[Data records]

=== Begin Enclosure ===

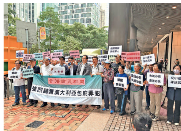
團體要求澳洲政府認清現實，切實尊重法治精神。

是任何一個法治社會都不能容忍、不能容許的。另一市民團體指，這些被通緝的反中亂港分子，在香港修例風波期間，做出嚴重危害國家安全的行為，之後畏罪潛逃至英國。在海外，他們繼續肆無忌
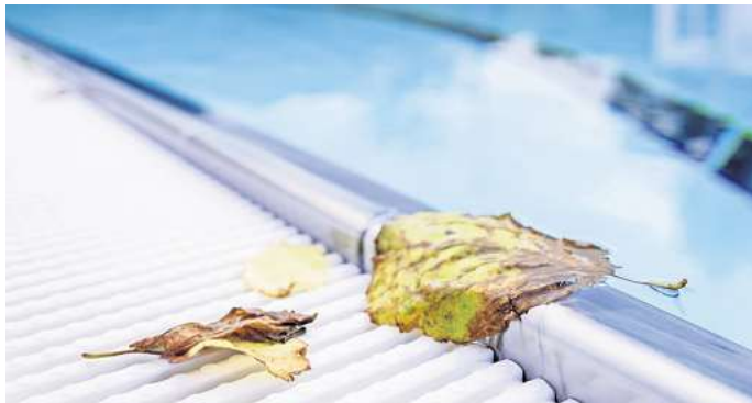
Wer einen Pool unter Nachbars Eichen baut, kann keine Entschädigung für den Laubfall verlangen.
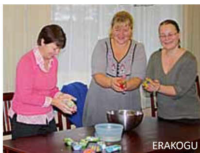
Rahvamajas sai ka viltimist proovida.

Keldrisaalis sai uhiuute telgedega kalgutsuipa kududa. Kõik külastajad said oma head soovid vaiba sisse kududa. Vaiba kingime oma uuele vallale. Kudumise
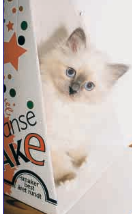
Lainie de Luxe av Ontario. Eier: Gerd Wickmann.

Hellig birma – den vakreste av alle (artikkel i Aristokatt nr. 4 – 1999)
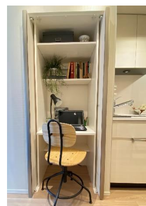
ワークフィットボックス (イメージ)

共用部では、指をボタンにかざすだけで操作できる非接触型エレベーターを導入します。住戸内には、クローゼットスペースを活用した機能的でコンパクトなワークスペース「ワークフィットボックス」を一部住戸に用意します。また、換気の悪い密閉空間を改善するため、室内の二酸化炭素濃度が設定 ※ を超えると、自動的にレンジフードが作動し換気する機能をもつセンサーを採用しています。室内の状況に応じた自動換気で衛生環境を保ちつつ、在宅時間をより快適にお過ごしいただけます。
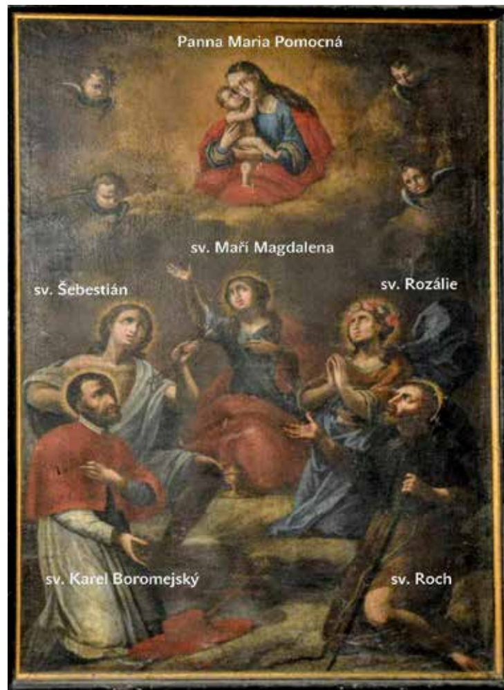
Obraz Panny Marie Pomocné se sv. Maří Magdalenou a morovými patrony, foto k článku Namísto morového sloupu obrazů na str. 17–18

=== End Enclosure ===

- Problem description:
Please output every entry above exactly, without the pictures.

- Task answer:
團體要求澳洲政府認清現實，切實尊重法治精神。

是任何一個法治社會都不能容忍、不能容許的。另一市民團體指，這些被通緝的反中亂港分子，在香港修例風波期間，做出嚴重危害國家安全的行為，之後畏罪潛逃至英國。在海外，他們繼續肆無忌
Wer einen Pool unter Nachbars Eichen baut, kann keine Entschädigung für den Laubfall verlangen.
Rahvamajas sai ka viltimist proovida.

Keldrisaalis sai uhiuute telgedega kalgutsuipa kududa. Kõik külastajad said oma head soovid vaiba sisse kududa. Vaiba kingime oma uuele vallale. Kudumise
Lainie de Luxe av Ontario. Eier: Gerd Wickmann.

Hellig birma – den vakreste av alle (artikkel i Aristokatt nr. 4 – 1999)
ワークフィットボックス (イメージ)

共用部では、指をボタンにかざすだけで操作できる非接触型エレベーターを導入します。住戸内には、クローゼットスペースを活用した機能的でコンパクトなワークスペース「ワークフィットボックス」を一部住戸に用意します。また、換気の悪い密閉空間を改善するため、室内の二酸化炭素濃度が設定 ※ を超えると、自動的にレンジフードが作動し換気する機能をもつセンサーを採用しています。室内の状況に応じた自動換気で衛生環境を保ちつつ、在宅時間をより快適にお過ごしいただけます。
Obraz Panny Marie Pomocné se sv. Maří Magdalenou a morovými patrony, foto k článku Namísto morového sloupu obrazů na str. 17–18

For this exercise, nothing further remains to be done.